Policy staleness: the update gap between the historical behavior policy and the current train policy.

When old training-side logits are missing, these two effects become entangled. Discrepancy masks and PPO clipping then operate on a semantically mixed ratio, causing threshold choices to interfere with each other and making asynchronous training harder to tune.
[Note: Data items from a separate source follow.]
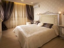 - Solche klassischen Vorhänge im Schlafzimmer Damit können Sie den Raum nicht nur vor neugierigen Blicken schützen, sondern auch vor der hellen Sonne, Fremdgeräuschen (bei Verwendung von Vorhängen aus sehr dickem Stoff). Sie helfen perfekt, eine gemütliche, entspannte Atmosphäre im Schlafzimmer zu schaffen.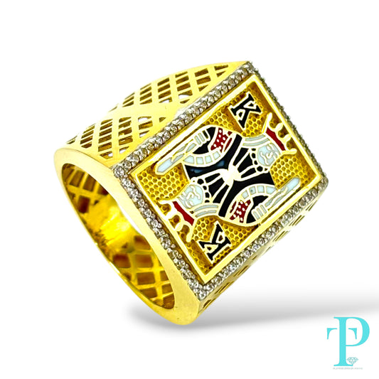 14K “KING GAMBLER” MENS GOLD ENAMELED RING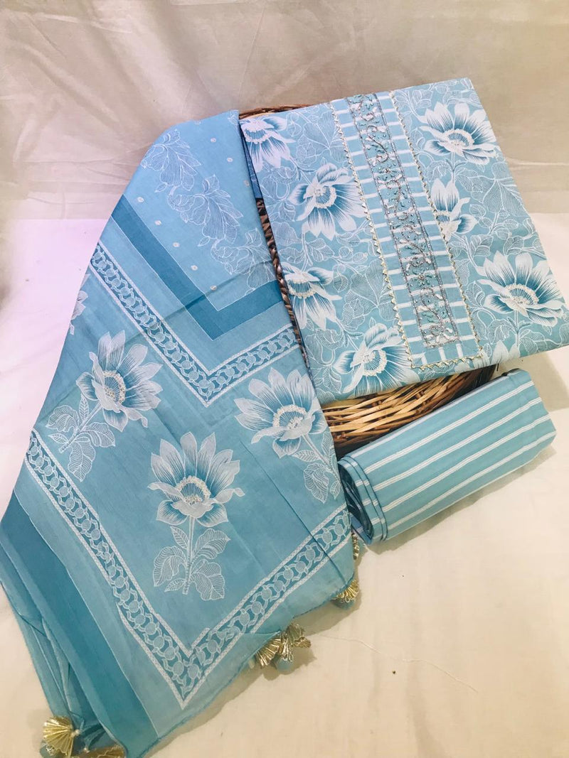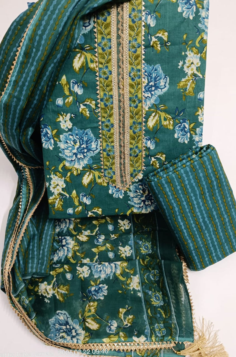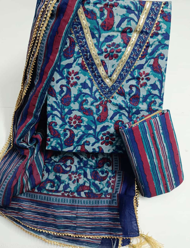 Sanganeri print cotton suit material with cotton dupatta Gotta Neck Work (GOTAYS23)

This repository contains the ROLL-based implementation used to study and repair this missing-old-logit problem. It keeps the async rollout/training paths, train-infer correction utilities, snapshot-based old-logprob recomputation, and EWMA-style proximal reference policies used by the paper.

Method

We study two complementary directions.

Exact old-logit acquisition: recover semantically correct old logits through system support. The paper analyzes snapshot-based version tracking, a dedicated old-logit model, and synchronization through partial rollout interruption.
Low-cost approximate correction: when exact old logits are too expensive, use a revised PPO-EWMA reference policy to preserve most of the benefit of decoupled correction without introducing heavy system overhead.
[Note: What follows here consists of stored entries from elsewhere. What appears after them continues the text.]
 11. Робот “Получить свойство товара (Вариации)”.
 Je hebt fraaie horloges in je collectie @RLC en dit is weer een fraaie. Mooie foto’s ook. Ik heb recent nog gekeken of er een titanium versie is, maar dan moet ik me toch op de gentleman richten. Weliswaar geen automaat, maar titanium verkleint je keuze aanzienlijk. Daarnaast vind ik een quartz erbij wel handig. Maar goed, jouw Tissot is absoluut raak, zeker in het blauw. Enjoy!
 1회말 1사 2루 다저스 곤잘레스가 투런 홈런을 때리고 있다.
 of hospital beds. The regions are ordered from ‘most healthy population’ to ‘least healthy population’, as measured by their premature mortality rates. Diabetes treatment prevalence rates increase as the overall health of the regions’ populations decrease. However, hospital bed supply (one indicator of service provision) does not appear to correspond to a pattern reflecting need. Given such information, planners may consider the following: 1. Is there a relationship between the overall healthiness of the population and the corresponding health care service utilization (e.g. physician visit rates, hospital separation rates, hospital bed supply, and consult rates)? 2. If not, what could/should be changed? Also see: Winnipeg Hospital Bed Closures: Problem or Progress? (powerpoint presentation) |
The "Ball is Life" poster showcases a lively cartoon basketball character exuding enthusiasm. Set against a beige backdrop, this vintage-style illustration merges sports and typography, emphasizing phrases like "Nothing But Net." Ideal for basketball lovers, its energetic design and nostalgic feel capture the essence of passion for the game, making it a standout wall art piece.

The implementation in this branch focuses on the practical routes below.

Route	Purpose
`snapshot_old`	Exact correction through actor snapshots and version-aware old log-prob recomputation.
`current_recompute`	A simple baseline that recomputes old log-probs from the current train actor.
`interp_prox_loglinear`	A log-linear proximal reference used as an approximation baseline.
`ewma_prox`	An EWMA proximal reference for lower-overhead off-policy correction.
`ppo_ewma_async`	An EWMA-based reference-policy variant for asynchronous training.

Results

PPO-EWMA is the strongest practical method in the main benchmark table. Snapshot is included as an idealized exact-recovery reference because it assumes exact old logits are available.

Backbone	Method	Retail avg@4	Retail pass@4	Airline avg@4	Airline pass@4	Telecom avg@2	Telecom pass@2	Vita In-store avg@2	Vita In-store pass@2	Vita Delivery avg@2	Vita Delivery pass@2
Qwen3-4B	Decoupled PPO	63.96	88.60	53.5	72	40	50	19.83	37	19.56	33
Qwen3-4B	Linear_prox	64.40	86.84	54	72	37.5	50	22.37	40	19.10	28
Qwen3-4B	PPO-EWMA	65.72	90.35	54	74	42.5	52.5	25	50	25.88	39
Qwen3-4B	Snapshot†	66.23	89.47	56	76	42.5	52.5	28.89	47	27.33	42
Qwen3-30B-A3B	Decoupled PPO	65.43	89.47	57	76	44.75	55	18.28	32	25.88	39
Qwen3-30B-A3B	Linear_prox	65.8	87.7	53.5	74	44	55	31.47	47	20.74	33
Qwen3-30B-A3B	PPO-EWMA	67.82	92.1	60	82	45	57.5	33.41	48	28.49	43
Qwen3-30B-A3B	Snapshot†	69.70	92.1	59	80	45	57.5	34.62	50	30.74	45

On the dense 4B model, PPO-EWMA obtains the best practical retail pass@4 and VitaBench in-store pass@2, while tying the best telecom scores. On the 30B MoE model, it is strongest on airline and ties the best practical retail pass@4 and telecom avg@2.

The cost comparison also explains why exact recovery is not always the practical choice.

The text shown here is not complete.